— TASK GOAL —
Here are the records. Write out exactly the lines between the one holding "MONDIAZ KURVE-DLUX 100cm" and the one holding "雨。圧倒的、雨。道中、警報が出てるんですけど…。", inclusive.
[Opening EXTRACTED DATA section]
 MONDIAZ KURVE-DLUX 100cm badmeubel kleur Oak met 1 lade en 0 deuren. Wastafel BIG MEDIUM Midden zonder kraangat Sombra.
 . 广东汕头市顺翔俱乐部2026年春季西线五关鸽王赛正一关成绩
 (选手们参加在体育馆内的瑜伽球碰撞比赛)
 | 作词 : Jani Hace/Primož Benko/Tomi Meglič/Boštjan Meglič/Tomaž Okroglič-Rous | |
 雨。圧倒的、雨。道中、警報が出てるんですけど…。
[Closing EXTRACTED DATA section]
[Opening EXTRACTED DATA section]
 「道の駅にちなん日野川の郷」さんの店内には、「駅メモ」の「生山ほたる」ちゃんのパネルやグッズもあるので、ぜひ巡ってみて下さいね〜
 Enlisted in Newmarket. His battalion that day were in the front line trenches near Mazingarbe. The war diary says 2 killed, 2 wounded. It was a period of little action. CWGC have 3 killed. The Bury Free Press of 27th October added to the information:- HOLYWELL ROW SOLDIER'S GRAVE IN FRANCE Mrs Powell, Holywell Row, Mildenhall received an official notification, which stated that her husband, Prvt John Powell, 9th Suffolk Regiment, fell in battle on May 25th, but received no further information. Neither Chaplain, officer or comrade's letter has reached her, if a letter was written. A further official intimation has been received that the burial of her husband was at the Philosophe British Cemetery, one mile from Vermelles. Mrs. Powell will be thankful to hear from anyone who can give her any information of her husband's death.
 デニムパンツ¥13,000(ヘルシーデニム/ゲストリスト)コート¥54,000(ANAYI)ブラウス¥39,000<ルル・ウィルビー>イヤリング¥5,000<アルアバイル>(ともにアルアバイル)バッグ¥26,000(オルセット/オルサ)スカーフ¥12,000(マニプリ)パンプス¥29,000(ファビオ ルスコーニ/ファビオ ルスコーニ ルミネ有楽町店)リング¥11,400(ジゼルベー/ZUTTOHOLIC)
[Closing EXTRACTED DATA section]
[Opening EXTRACTED DATA section]
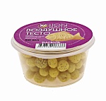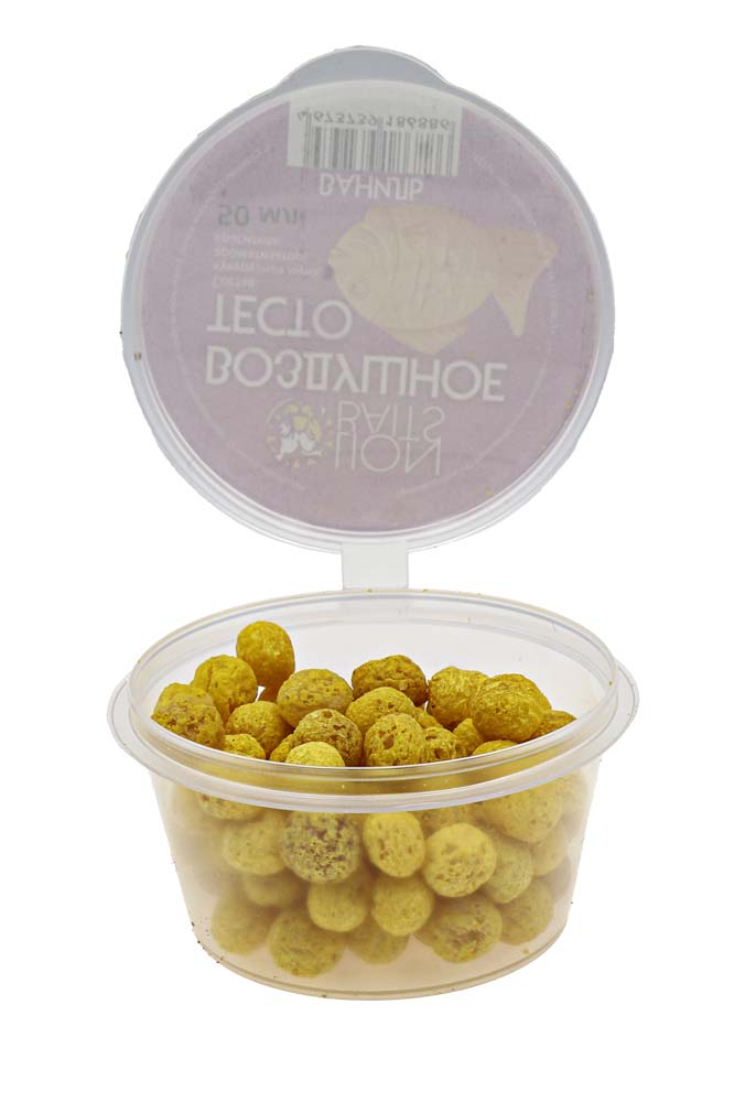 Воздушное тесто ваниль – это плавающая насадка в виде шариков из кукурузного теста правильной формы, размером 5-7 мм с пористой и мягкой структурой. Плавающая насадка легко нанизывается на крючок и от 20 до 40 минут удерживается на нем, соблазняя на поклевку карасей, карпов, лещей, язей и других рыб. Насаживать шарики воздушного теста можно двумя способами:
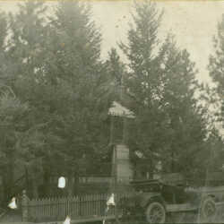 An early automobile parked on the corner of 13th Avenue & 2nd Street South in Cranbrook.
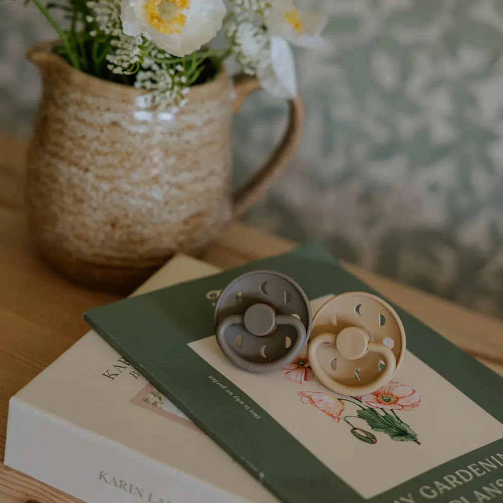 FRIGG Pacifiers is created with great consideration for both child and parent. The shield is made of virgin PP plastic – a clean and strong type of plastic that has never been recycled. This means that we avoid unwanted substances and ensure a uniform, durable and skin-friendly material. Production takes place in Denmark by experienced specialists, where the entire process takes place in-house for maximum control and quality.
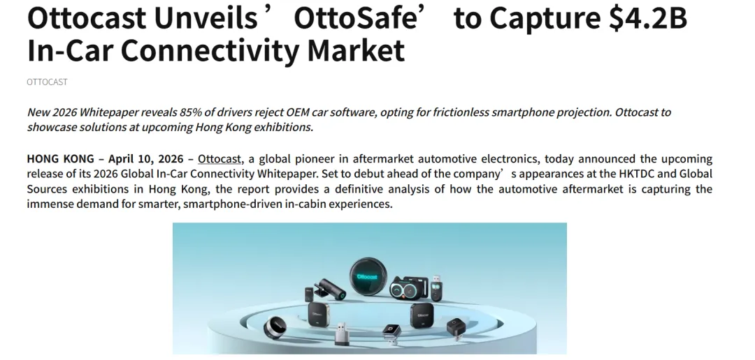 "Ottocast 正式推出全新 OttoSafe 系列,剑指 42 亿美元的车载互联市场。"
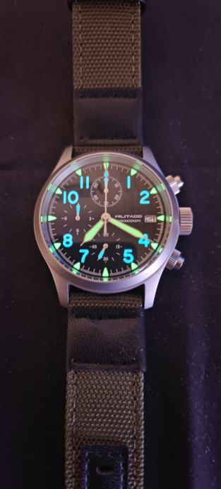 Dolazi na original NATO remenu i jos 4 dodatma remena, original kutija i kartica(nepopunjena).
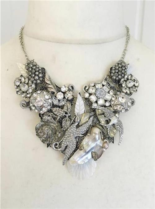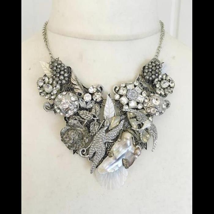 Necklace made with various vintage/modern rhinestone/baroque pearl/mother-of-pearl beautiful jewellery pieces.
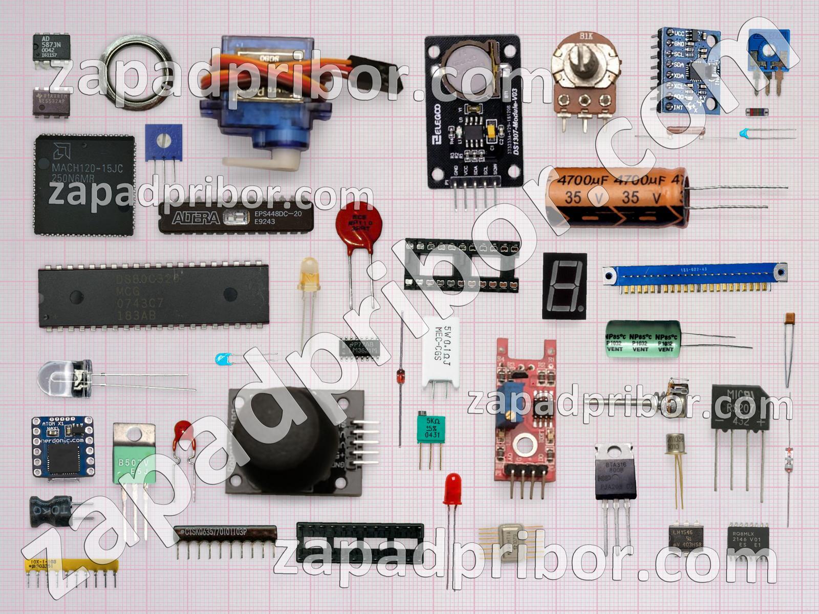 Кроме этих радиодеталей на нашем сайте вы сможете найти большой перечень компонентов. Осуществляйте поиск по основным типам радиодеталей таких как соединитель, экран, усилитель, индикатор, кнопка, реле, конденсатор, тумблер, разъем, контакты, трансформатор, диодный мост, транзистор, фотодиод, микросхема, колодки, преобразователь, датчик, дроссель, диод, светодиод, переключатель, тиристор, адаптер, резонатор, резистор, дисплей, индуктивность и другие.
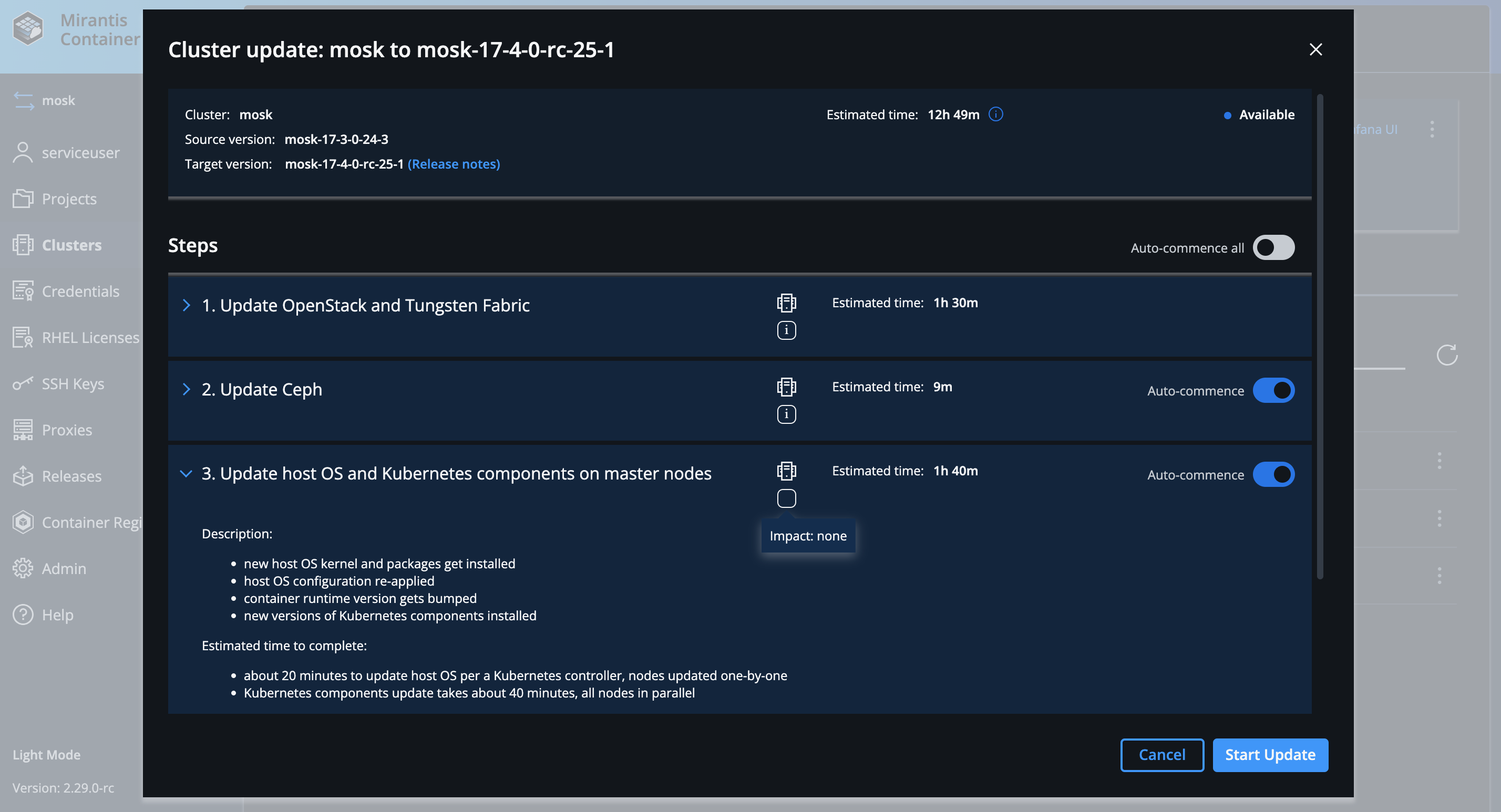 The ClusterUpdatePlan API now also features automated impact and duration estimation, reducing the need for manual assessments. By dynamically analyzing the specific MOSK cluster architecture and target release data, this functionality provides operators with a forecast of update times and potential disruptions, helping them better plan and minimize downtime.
[Closing EXTRACTED DATA section]
— RESULT OF THIS EXERCISE —
 MONDIAZ KURVE-DLUX 100cm badmeubel kleur Oak met 1 lade en 0 deuren. Wastafel BIG MEDIUM Midden zonder kraangat Sombra.
 . 广东汕头市顺翔俱乐部2026年春季西线五关鸽王赛正一关成绩
 (选手们参加在体育馆内的瑜伽球碰撞比赛)
 | 作词 : Jani Hace/Primož Benko/Tomi Meglič/Boštjan Meglič/Tomaž Okroglič-Rous | |
 雨。圧倒的、雨。道中、警報が出てるんですけど…。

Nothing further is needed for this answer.